But you are not expecting any response from the server, right? (we are sending a "PONG")
@willyaranda: Expecting 'any data', but ideally you'd send '{}' as its half the size and valid JSON :)
of course, if you want to be smart on the server (I don't believe it to be necessary), then if you have messages to be delivered anyway, then you could just not write the pong, but send those messages instead. Basically the client code just wants to receive some data from the server to know that the connection is alive and working.
(In reply to Nikhil Marathe from comment #3)
> @willyaranda: Expecting 'any data', but ideally you'd send '{}' as its half
> the size and valid JSON :)
> of course, if you want to be smart on the server (I don't believe it to be
> necessary), then if you have messages to be delivered anyway, then you could
> just not write the pong, but send those messages instead. Basically the
> client code just wants to receive some data from the server to know that the
> connection is alive and working.

agree. To optimize the BW and network resources, we should reuse the PING-PONG to send pending messages.

@willyaranda: This is the same I drafted 4 months ago (Issue #122 & PR #137). I'll retake it ;)
> To optimize the BW and network resources, we should reuse the PING-PONG to send pending messages.

I don't think we should do this, for two reasons.

1. We can't do SSL over UDP, so there's no way to authenticate the data we'd receive.  We insist that the websocket be over SSL, and I think there's a good reason for that.

2. If we sent data over UDP, we'd have to fit it into a single packet.  Spec'ing a minimum network MTU seems pretty undesirable to me; it would place constraints on what network operators could do inside their private networks.
(In reply to Justin Lebar [:jlebar] from comment #5)
> > To optimize the BW and network resources, we should reuse the PING-PONG to send pending messages.
> 
> I don't think we should do this, for two reasons.
> 
> 1. We can't do SSL over UDP, so there's no way to authenticate the data we'd
> receive.  We insist that the websocket be over SSL, and I think there's a
> good reason for that.
> 
> 2. If we sent data over UDP, we'd have to fit it into a single packet. 
> Spec'ing a minimum network MTU seems pretty undesirable to me; it would
> place constraints on what network operators could do inside their private
> networks.

UDP isn't being used.
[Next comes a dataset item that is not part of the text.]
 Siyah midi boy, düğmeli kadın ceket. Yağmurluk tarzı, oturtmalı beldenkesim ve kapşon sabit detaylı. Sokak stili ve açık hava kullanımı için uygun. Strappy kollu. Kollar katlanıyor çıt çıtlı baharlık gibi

Ping-Pong is only done over Websocket, and only when UDP is not in use.
(In reply to Justin Lebar [:jlebar] from comment #5)
> > To optimize the BW and network resources, we should reuse the PING-PONG to send pending messages.
> 
> I don't think we should do this, for two reasons.
> 
> 1. We can't do SSL over UDP, so there's no way to authenticate the data we'd
> receive.  We insist that the websocket be over SSL, and I think there's a
> good reason for that.
> 

Probably some misunderstanding :)

Over UDP NO DATA is sent, it's only used to wakeup the device. Here we're talking about Websocket connection where the client network hasn't a WakeUp server so a permanent Websocket connection should be maintained open.

To reach this, we need to PING-PONG (keepalive) every X minutes to avoid intermediate servers closes the connection.
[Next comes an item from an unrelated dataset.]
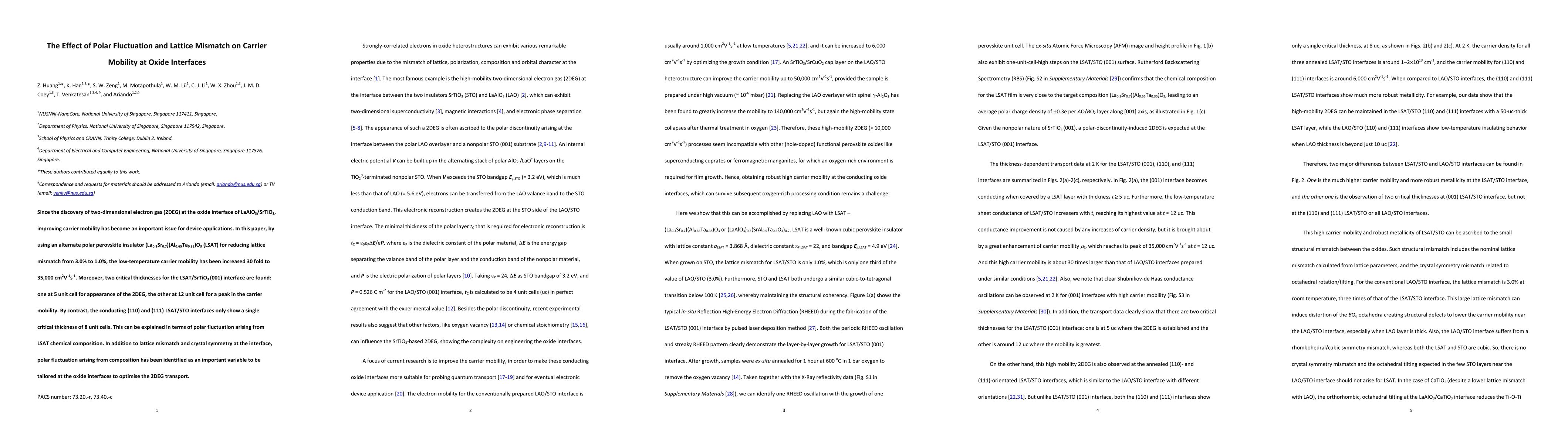 This paper investigates how polar fluctuation and lattice mismatch influence carrier mobility at oxide interfaces, demonstrating a 30-fold increase in low-temperature mobility by using LSAT to reduce lattice mismatch. Critical thicknesses for optimal 2DEG transport are identified, highlighting the significance of polar fluctuation from chemical composition in optimizing electron gas transport.

> 2. If we sent data over UDP, we'd have to fit it into a single packet. 
> Spec'ing a minimum network MTU seems pretty undesirable to me; it would
> place constraints on what network operators could do inside their private
> networks.


Same as before, UDP is not used to sent ANYTHING. probably a misunderstanding ;)
> UDP isn't being used. Ping-Pong is only done over Websocket, and only when UDP is not in use.

I see; sorry.  I guess I should have read the patch first.  :)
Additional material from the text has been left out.